There is a site where you can purchase a User's Guide, Installation Manual, , Quick Start Guide, Service Manual, Schematics and Spare Parts Document (separately) in English for the Brother KH811:

http://www.manualsdrive.com/results.php?lang=en&search=BROTHER%20KH-811

(It says that you pay only after delivery.)

That said, I found another website where someone machine knit a beautiful baby shawl (blanket), hat and booties using a Brother KH811. So, I sent them an email asking if they could provide scanned copies of any manuals they may have. (Time will tell if they are willing or able to do so.)

Ginny


----------



## Azzara (Jan 23, 2014)

That was nice of you Ginny.
I hope they make the manual available to others.


----------



## GinB (Sep 2, 2012)

Azzara said:


> That was nice of you Ginny.
> I hope they make the manual available to others.


I asked them if they could send them to me so I could pass them on to John, the owner of http://machineknittingetc.com/

That way, the OP and anyone else needing them would benefit.

BTW, if anyone is looking for places to obtain manuals in addition to the above (always the first place I go to, I have links saved in my User Pages here: http://www.knittingparadise.com/user_page.jsp?upnum=4239

Ginny


----------



## Crochet dreamin' (Apr 22, 2013)

deemail said:


> The folks at PB8 group are excited to see your pix... I have sent a link to this thread... none of us has ever seen one (at least.. so far.. in our comments there... ) I hope the 810 manual is a help for you...


I can't find an 810 manual! I think I can get the 820. Wow! Everyone's input is so interesting, informative and factual! So there is a group out there just for these old war horses. The gal I bought it from, which was probably a leftover from an estate sale, where the owner died and it was deemed not fit to sell, and it went to a thrift store, in Washington.
I have not even finished reading the replies, but my cup runneth over. I was really thinking I'd gone and done it this time, no manual and what looks like rust and pins missing (probably). I was having buyer's remorse after finding another the next day of the 820 model which looked clean and had the manual and a leaderboard (whatever that is.) 
I will look up this group when I get through reading through everything. You all are such a wealth of information. I dearly love KP! :thumbup:


----------



## Crochet dreamin' (Apr 22, 2013)

GinB said:


> There is a site where you can purchase a User's Guide, Installation Manual, , Quick Start Guide, Service Manual, Schematics and Spare Parts Document (separately) in English for the Brother KH811:
> 
> http://www.manualsdrive.com/results.php?lang=en&search=BROTHER%20KH-811
> 
> ...


That was so, so thoughtful! I have tears in my eyes now. You guys are just the greatest. Thank you so much for doing that for me. Even if she doesn't come through, that is just so kind!


----------



## Crochet dreamin' (Apr 22, 2013)

deemail said:


> please checkout the PB8 (pushbutton 8) group on FB... we all have a half dozen PB8 machines ... BTW... never seen one with a punchcard... you have a beauty... our group is exclusively dedicated to these machines... please include the pix.. no one is gonna believe it... when you're ready... check out Roberta Rose Kelly working on her 585 or 588 and demonstrating how to use the buttons... we're all learning as it is a new group and the machines didn't last long on the market so not very many survived...

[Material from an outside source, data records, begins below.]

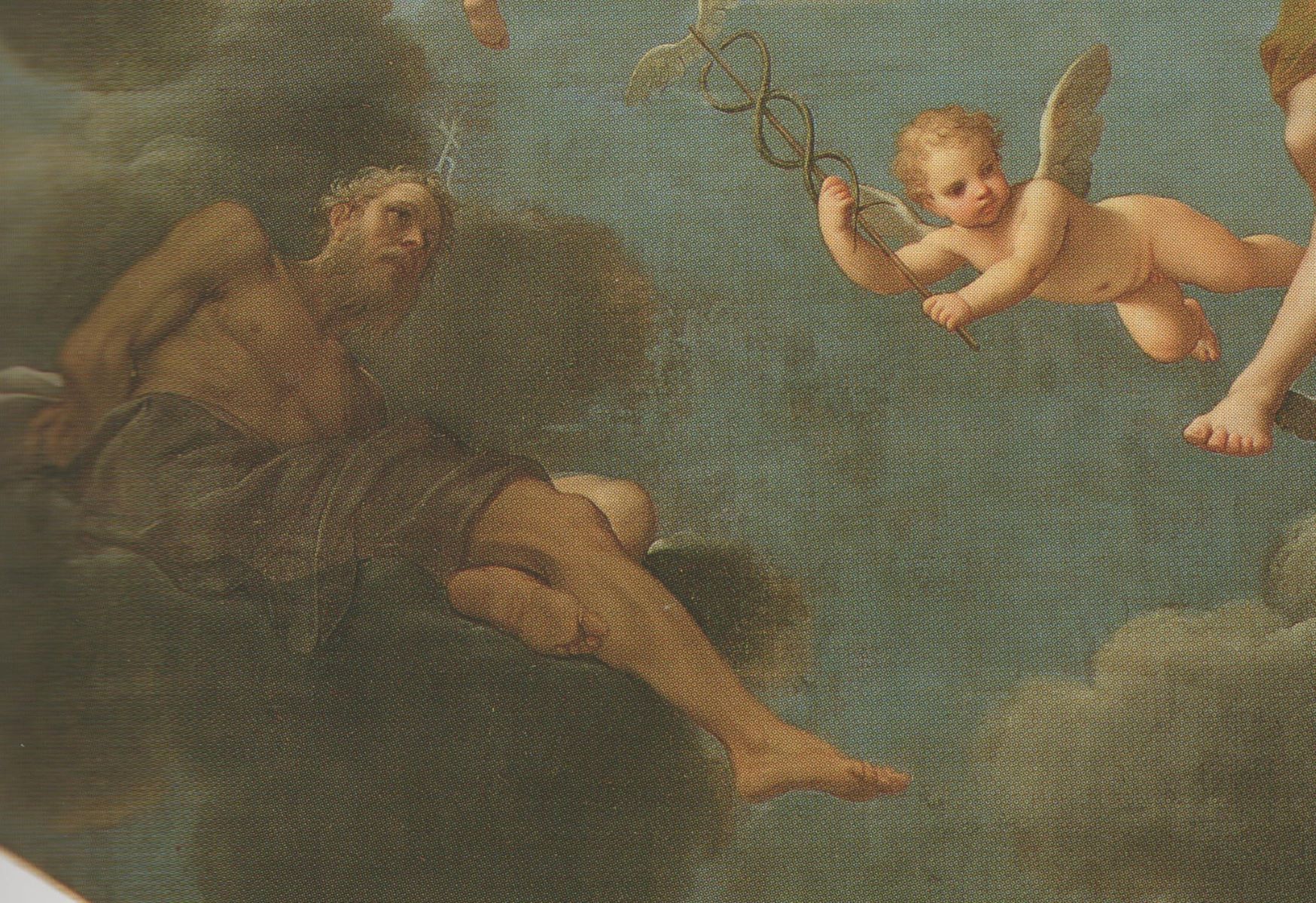 El dibujo (9) muestra la escena que forma parte del asunto Júpiter y Mercurio con Saturno maniatado (7). En efecto, Saturno aparece sentado sobre una nube con sus manos atadas tras su espalda (10), situado junto al ángel que porta la vara con dos culebras o caduceo (11), uno de los atributos principales del dios Mercurio, destacado personaje de la composición definitiva quien acompaña a Júpiter. El diseño muestra dos elementos compositivos más, un pie junto al citado ángel que corresponde a Mercurio, y algunos dedos de otro pie situados sobre la cabeza de Saturno (12), los del pie izquierdo de uno de los tres ángeles que rodean otra nube, pormenor del ángulo superior izquierdo de la pintura mural. Este pensamiento que aquí nos ocupa es un estudio en detalle de Saturno, único conservado hasta el momento, pues su compartimentación respecto del asunto general demuestra que Franceschini debió de plantear los personajes representados (Júpiter, Mercurio, Saturno, por un lado, y Marte, Venus y Diana, por otro) como asuntos individualizados, siendo este dibujo, muestra de ello.
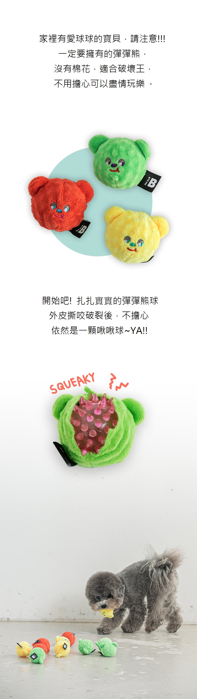 如果把外表咬破了,裡面是一顆刺刺球也可以繼續玩,還會發出響亮的啾啾聲
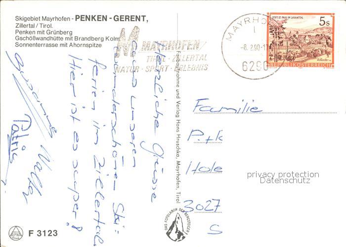72531406 alte Postkarte Mayerhof Gschoesswandhuette Penken Gruenberg Sonnenterrasse mit Ahornspitze postalisch gelaufen Erhaltung siehe scans [AndreD76 kt113box] KatCode: 11110009183129
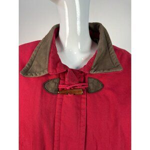 This Lands' End vintage-inspired duffle coat embodies timeless elegance with its sturdy build and classic toggle closure. Crafted with genuine leather accents, its vibrant red shell contrasts beautifully with subtle brown details. Perfect for cooler seasons, this medium-sized coat blends functionality with enduring style.
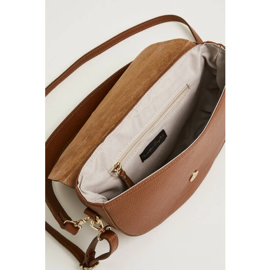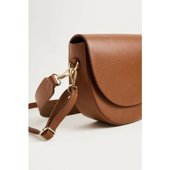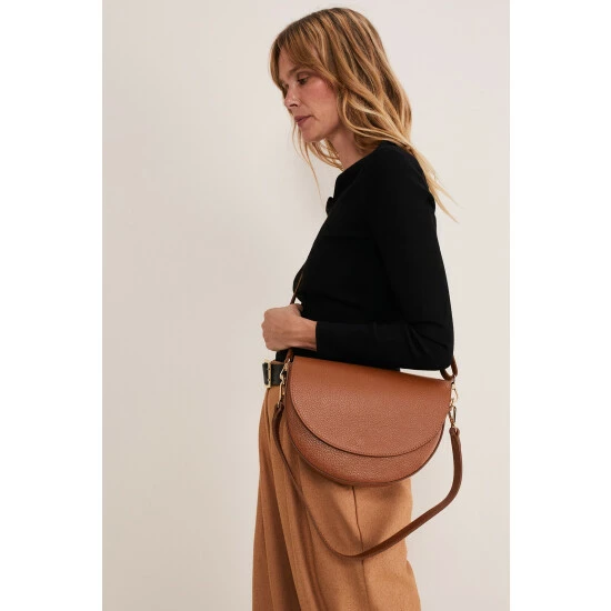 Meet your new go-to handbag. Crafted from 100% leather, our cross body bag is designed in a versatile tan shade and half moon shape with double straps.
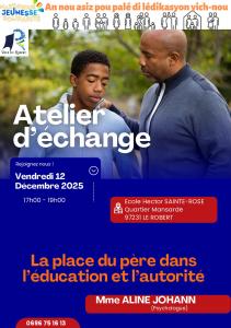 L'association Martinique Jeunesse Solidarité vous invite à son atelier d'échange sur le thème "la place du père dans l'éducation et l'autorité" animé par Mme Aline Johann (Psychologue) vendredi 12 décembre 2025 de 17h à 19h à l'école Hector Sainte-Rose de Mansarde.
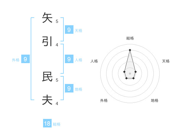 矢引 民夫さんを姓名の画数から五運を鑑定
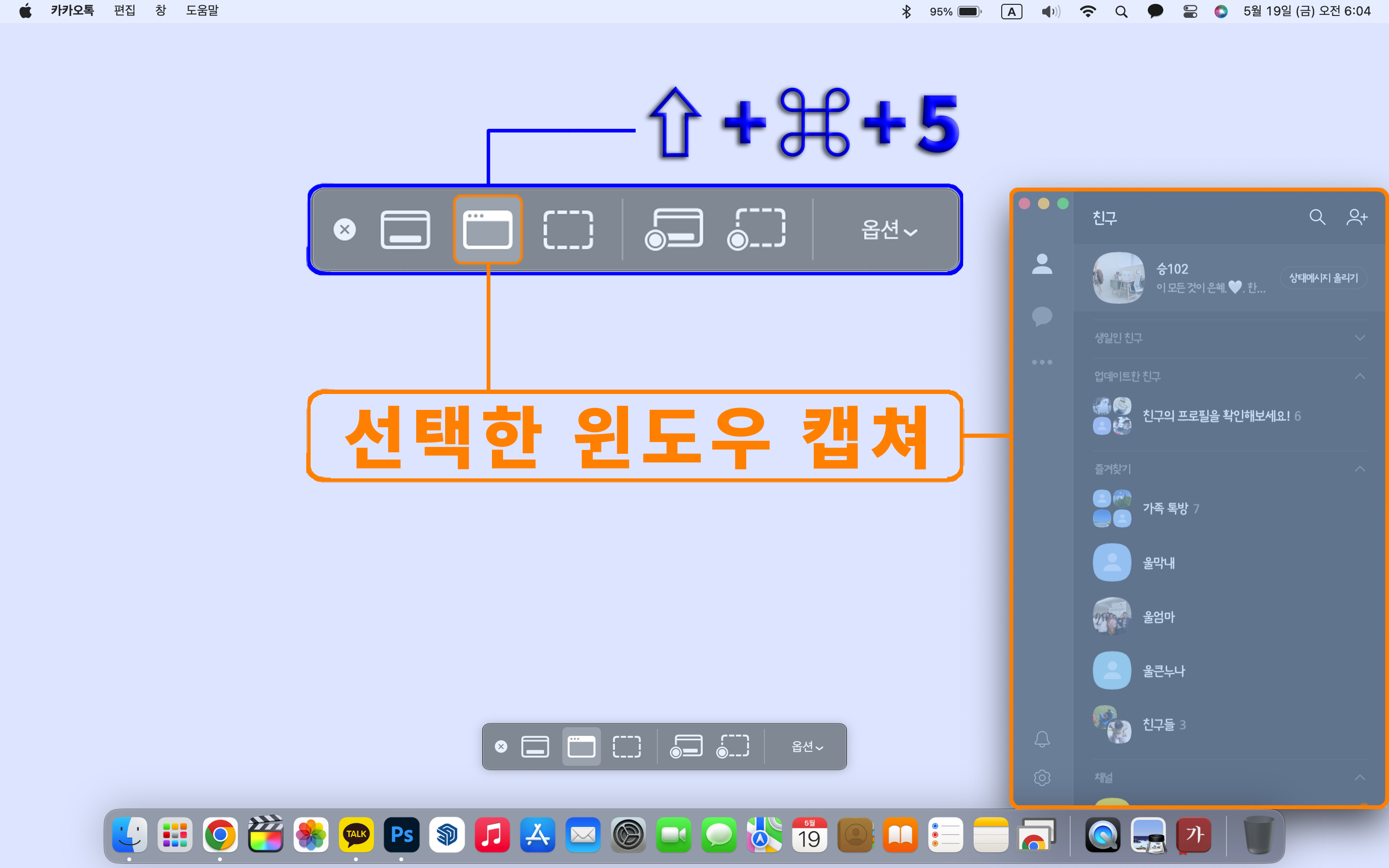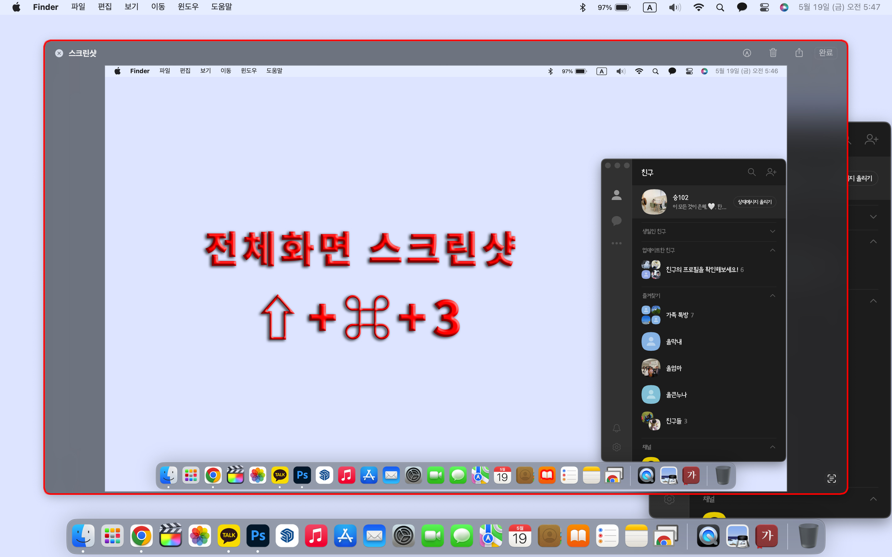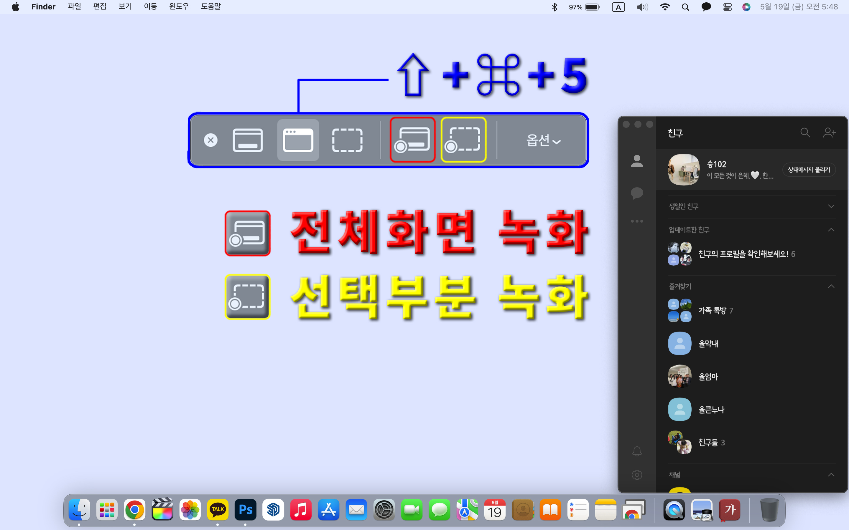 우선 "⇧ + ⌘ + 5"를

I just discovered what FB means. FaceBook. I'm sorry I'm from another planet, I think. Actually years ago, because of my children and grandchildren, I joined FB. Then one day my DD says, "Mom, did you know that everything about you is displayed on the internet if someone knows your name?" That scared me. I want to fade into the background. So I unmembered myself (Is that a word?) Sounds better than dismembered myself I guess. So it seems the only way I can communicate with these lovely people is on FB? I'll have to think about that.


----------



## deemail (Jan 25, 2011)

..


----------



## clareskitchen (Aug 7, 2015)

If you can post a photo of the needles of your machine we can probably give you an idea of what model number needles to look for on ebay and elsewhere when purchasing replacements. The old PB8s all use the needles still available for the KH710 but because yours is a hybrid it may have switched to the newer style needles. You'll know - the KH710 and earlier have a kink on the back end of the needle


----------



## Crochet dreamin' (Apr 22, 2013)

clareskitchen said:


> If you can post a photo of the needles of your machine we can probably give you an idea of what model number needles to look for on ebay and elsewhere when purchasing replacements. The old PB8s all use the needles still available for the KH710 but because yours is a hybrid it may have switched to the newer style needles. You'll know - the KH710 and earlier have a kink on the back end of the needle


I will post pictures as soon as the machine arrives. I am so upbeat about this. Talk about an adventure! I feel like Nancy Drew sleuthing through a cave in a mystery!


----------



## Reba1 (Feb 5, 2012)

Crochet dreamin' said:


> I joined FB. Then one day my DD says, "Mom, did you know that everything about you is displayed on the internet if someone knows your name?" That scared me. I want to fade into the background... So it seems the only way I can communicate with these lovely people is on FB? I'll have to think about that.


You can set your privacy levels pretty tight on FB. Not everything will be private, but you can have a little control over who sees what. If the group is a private group, that's even better. I have some things set to Friends only, and others to Public - I am a cake decorator and I want anyone in my group to be able to see my pics, whether we are friends or not. Same here, if I post a link to a pic in my Fiber/Knit album, it has to be set to public so you can see it.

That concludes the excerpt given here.